Ok, a horny dude checks out some Latino web­sites, and comes across a video of some­one bathing. When replay­ing the video for the 19th time, he real­izes with a gasp that the girl in the video bears more than a pass­ing resem­blance to Trisha, a pop­u­lar Tamil actress. So horny dude for­wards said video to his equally horny friends. Friends for­ward some more, and in all the frenzy the Trisha look-alike video gets mag­i­cally trans­formed into the Stolen Trisha Bathing video. One of the friends was very kind by nature, and so he posts the video on some web­site, and soon the video is the most pop­u­lar Tamil movie of all time, beat­ing Padayappa hands down. Hmm… maybe not, but almost. Wait, please read the whole blog before you go googling for the video.

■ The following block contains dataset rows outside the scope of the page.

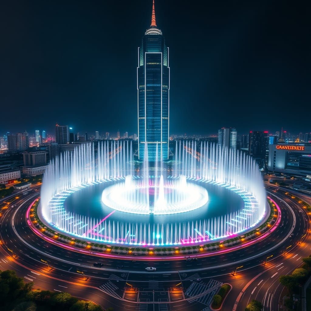 This futuristic fountain plaza showcases a majestic 950-meter circular design with a 615-meter commercial skyscraper at its center, surrounded by vibrant Bangkok cityscapes and dramatic lighting effects.
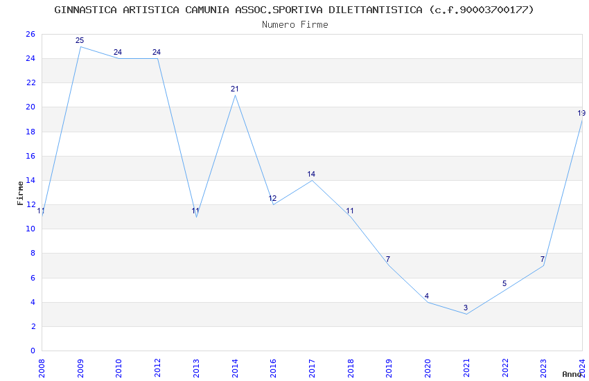 | 2024 | 19 | 625,24 | 32,91 | 46.910 | 9.094 | 1.177 | 14 |
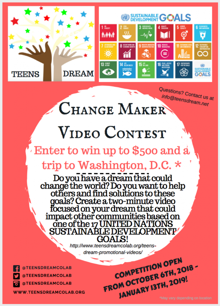 Calling all global teen change-makers to enter the annual Teens Dream Competition! If you are 13-18 and care about moving action forward on one or more of the United Nations Sustainable Development Goals (SDGs), then this simple video competition is for you! Teens Dream launched its 5th annual competition October 6th. Teens globally can submit a short 2-minute video on how they seek to impact one of the SDGs, until January 13th, 2019.
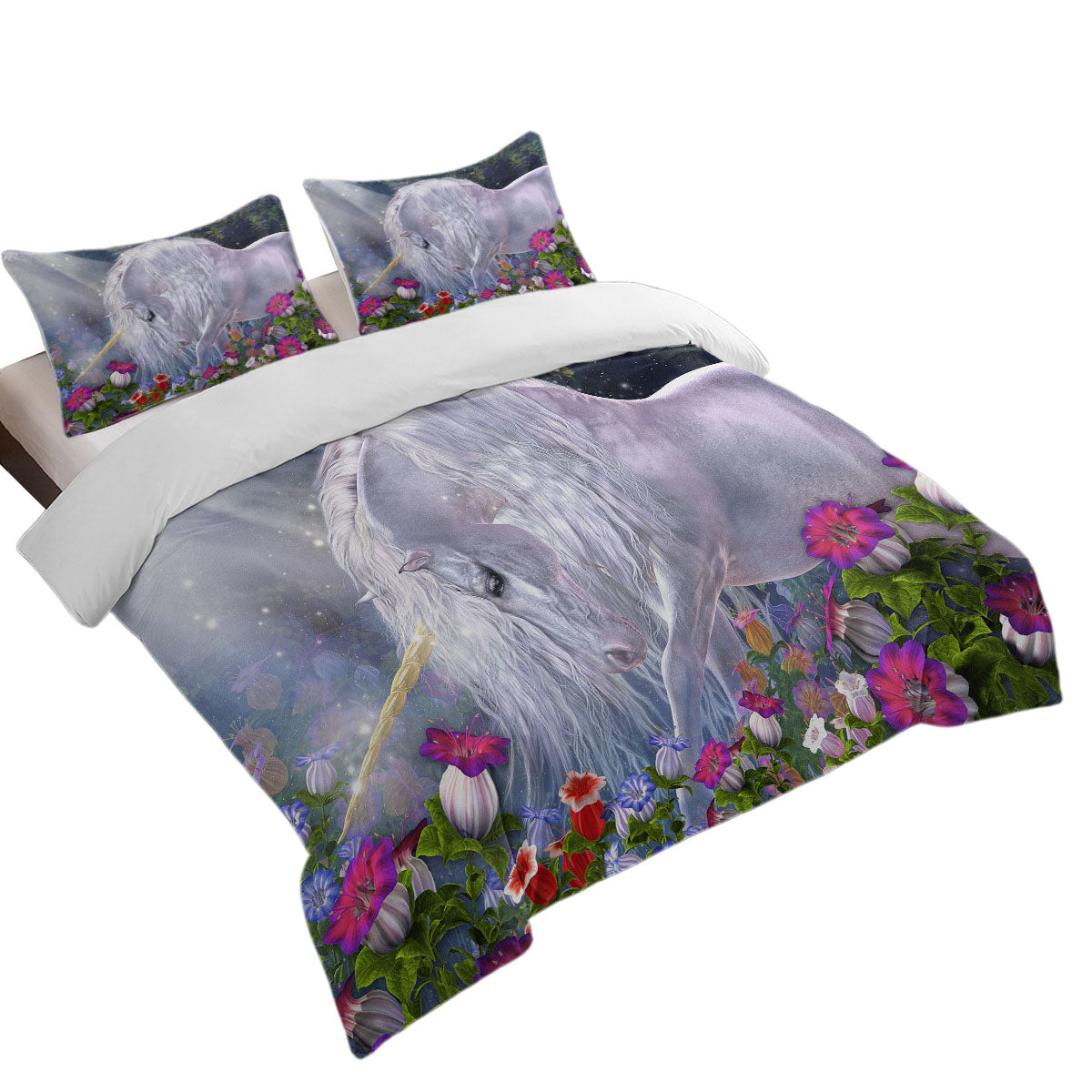 Fantasy Art Beautiful Flowers and Pure White Unicorn Duvet Cover
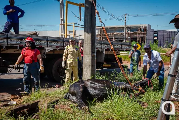 Equipes do Corpo de Bombeiros de Umuarama resgataram na manhã desta sexta-feira (31), um cavalo que havia caído em um bueiro aberto, na entrada da Estrada Jaborandi.
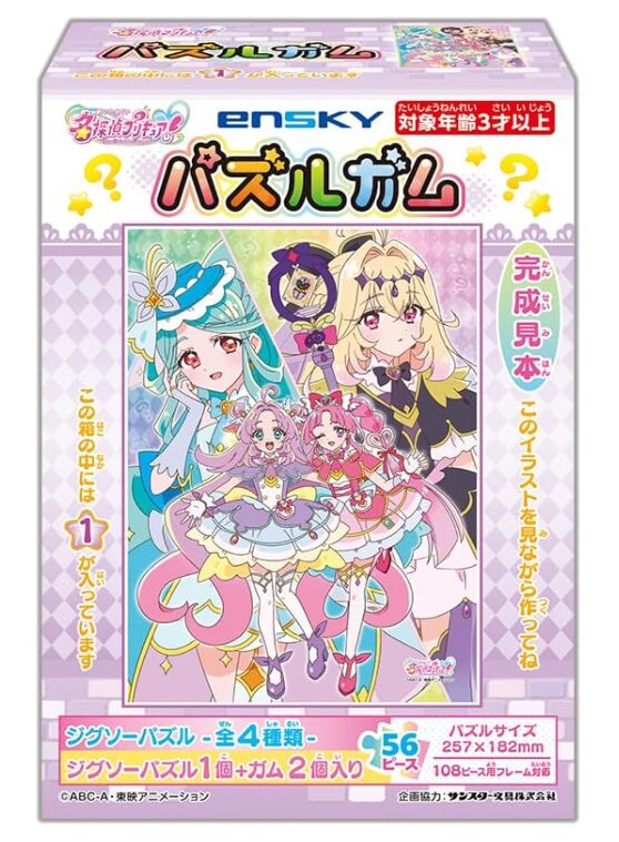 「名探偵プリキュア! パズルガム」は、エンスカイより2026年3月18日に発売されるジグソーパズル付き食玩です。1BOXは8個入りで構成され、1個につき「56ピースジグソーパズル1枚+粒ガム(イチゴ味)2個」が封入されています。
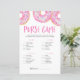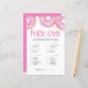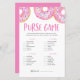 Sök efter objekten i listan. Den som har mest poäng är vinnaren! | Lägg till den här roligten "What in your purse"-spelkort till babyduschen. Den här babyduschtrivia-spelkortet har vattenfärgade munkar med färgstarka sprinkler i rosan. Anpassa genom att lägga till namn, händelse och datum. Denna rosa ger inget västerländska spel är perfekt för vilken babyduschsäsong eller vilket tema som helst.
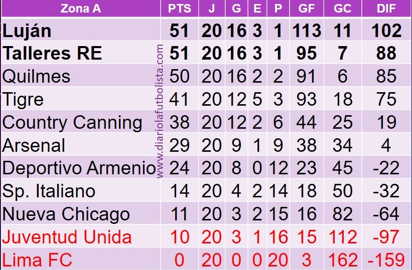 Por mejor diferencia de gol que Talleres, las lujaneras fueron primeras en su grupo y enfrentarán a Claypole por el primer ascenso. Los cruces del reducido. Los 4 desafiliados por un año: Lima FC, Lugano, Almirante Brown y Juventud Unida.
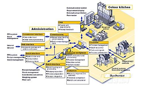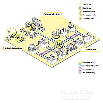 網絡的另一個功能是控制系統,透過染廠網絡使流程之間相互調節和發揮最佳效能。還可聯系訂單管理到機器的控制單元上,從而組成一個完整的染廠網絡。

Now since Trisha doesn’t watch Indian movies, she had no idea all this was hap­pen­ing. Until some loser that does watch Indian movies brings this “Indian” movie to her mom’s atten­tion. Livid mom goes to the media, and over a two-week period, makes a series of state­ments that pro­vided an immense amount of pub­lic­ity to the movie in ques­tion. And some comic relief to peo­ple who wanted a break after repeat­edly watch­ing the same two-minute clip. Among other things, she claimed (with a hint of pride) that the girl couldn’t be Trisha, because she was strew­ing her clothes around in the bath­room I don’t know about you, but that increased my respect for Trisha.

Finally, Trisha threat­ens to com­plain to the police, and col­lec­tions sky­rocket some more. In fact, this is the high­est grosser of all Trisha movies. As in all of her other movies, Trisha didn’t act in this one either.

Now the news­pa­pers and mag­a­zines join (birth­day) suit. Almost every news­pa­per worth its salt car­ried the story, although the respected ones used small type­face to main­tain their rep­u­ta­tion. (No, the Hindu is not worth its salt.) Finally, a tech-savvy edi­tor fig­ured out how to make screen­shots and pub­lished them in his mag­a­zine, only to get arrested. One of the “inves­tiga­tive” jour­nals went on to claim that the movie was shot in Hyder­abad using a micro-camera and that a mem­ber of (who else?) the mafia did it. Wow! Sure, the orig­i­nal horny dude could have been Tel­ugu, but to call him the mafia is a bit of exag­ger­a­tion I wish I had thought of first. Link here.

Last I heard, the police were using “body-structure experts” to fig­ure out if the girl is indeed Trisha. As a side note, have you ever won­dered what the coolest job in the world was?

PS: Some­one got a link to the video? You can only gather so much from grainy screenshots.

PPS: No, I don’t have the grainy screen­shots anymore.